Locality-Aware Beam Scheduling for Efficient Test-Time Compute with a Consumer-grade GPU

Large Language Models (LLMs) are central to modern NLP applications, yet their deployment on consumer-grade GPUs is limited by limited memory capacity and bandwidth. In typical single-batch inference on local devices, the key–value (KV) cache occupies only a small fraction of total memory, so prior studies have largely focused on model weights. The rise of test-time compute (TTC), however, introduces a new bottleneck: the rapidly expanding KV cache.
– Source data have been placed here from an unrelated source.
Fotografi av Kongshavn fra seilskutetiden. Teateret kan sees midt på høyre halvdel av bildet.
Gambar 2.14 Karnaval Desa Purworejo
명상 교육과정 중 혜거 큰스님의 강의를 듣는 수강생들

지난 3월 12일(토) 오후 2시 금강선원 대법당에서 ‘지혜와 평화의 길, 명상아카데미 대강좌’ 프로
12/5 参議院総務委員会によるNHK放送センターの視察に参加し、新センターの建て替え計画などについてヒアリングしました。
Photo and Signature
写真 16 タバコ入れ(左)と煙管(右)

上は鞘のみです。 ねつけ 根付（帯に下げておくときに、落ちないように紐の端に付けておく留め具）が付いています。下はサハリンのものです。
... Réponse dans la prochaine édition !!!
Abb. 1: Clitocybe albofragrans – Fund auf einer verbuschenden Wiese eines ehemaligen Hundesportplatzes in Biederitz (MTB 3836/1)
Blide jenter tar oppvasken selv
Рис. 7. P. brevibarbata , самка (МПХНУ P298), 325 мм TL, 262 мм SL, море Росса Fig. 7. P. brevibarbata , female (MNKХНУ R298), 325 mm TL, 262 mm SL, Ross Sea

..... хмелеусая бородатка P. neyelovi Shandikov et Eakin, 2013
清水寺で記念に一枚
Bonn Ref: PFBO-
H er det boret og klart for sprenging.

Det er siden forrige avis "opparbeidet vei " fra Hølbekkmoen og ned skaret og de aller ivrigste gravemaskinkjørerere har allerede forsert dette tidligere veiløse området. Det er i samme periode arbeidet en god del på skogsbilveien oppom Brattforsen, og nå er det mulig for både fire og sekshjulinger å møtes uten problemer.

In TTC methods such as step-wise beam search, concurrent decoding paths cause KV cache size and transfer costs to scale with exploration space, resulting in severe I/O stalls on consumer-grade GPUs. We identify two complementary forms of data locality in TTC workloads. Inter-token locality occurs within each decoding step, as consecutive tokens in the same beam access nearly identical KV cache data. Inter-beam locality arises across decoding steps, as beams that share common prefixes reuse overlapping KV segments. Building on these observations, we propose Locality-Aware Beam Scheduling, which exploits these locality patterns to reduce redundant KV cache transfers. It also employs balanced grouping with prefetching to overlap data movement with computation. Evaluated on OPT-6.7B, LLaMA-2-7B, and Qwen-7B, our method reduces KV cache transfer volume by over 95\% and achieves consistent end-to-end speedups of 3.39×–9.72×, 3.60×–8.74×, and 4.17×–7.99×, respectively, compared to layer-wise offloading.